Резюмирую мое заключение в следующих трех пунктах:
I. Т.-Ф. к числу лиц безумных либо сумасшедших не принадлежит; обыкновенное состояние его умственных способностей таково, что он может понимать свойство и значение своих действий и не лишен возможности управлять своими поступками.
II. Нет повода предполагать, чтобы в мае 1884 г. Т.-Ф. находился в состоянии временного умопомешательства, в припадке умоисступления либо беспамятства, равно как нет основания думать, что он в то время вовсе не разумел свойства своих поступков или совсем был лишен возможности выбора между мотивами действования. Обстоятельства учинения подлога даже прямо заставляют заключить, что обвиняемый сознавал тогда преступность этого деяния и притом не был влеком к совершению этого дела каким-либо болезненным или просто неудержимым побуждением.

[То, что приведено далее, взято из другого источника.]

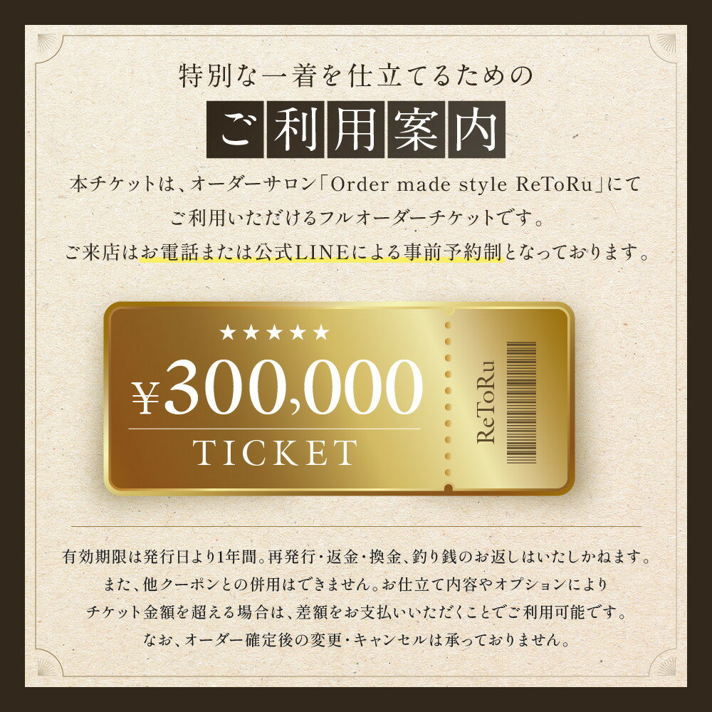 - 【ふるさと納税】フルオーダースーツ専門店「Order made style ReToRu(レトル)」フルオーダーチケット<30万円分>

III. Непринужденность выбора между различными мотивами действования у Т.-Ф. при совершении им деяний, Уложением о наказаниях предусмотренных, могла быть в некоторой степени ограниченною, так как он есть человек легкомысленный и слабохарактерный, неспособный твердо противостоять искушениям и соблазнам и не умеющий принимать по собственной инициативе энергические меры к исправлению своих ошибок; кроме того, он страдает нервным расстройством, которое есть последствие в детстве приобретенной привычки к онанизму, а на эту привычку, может быть, следует смотреть как на изолированное обнаружение на Т.-Ф. существующего в роду отца его предрасположения к душевным или нервным расстройствам.
С.-Петербург, 20-го апреля 1886 года.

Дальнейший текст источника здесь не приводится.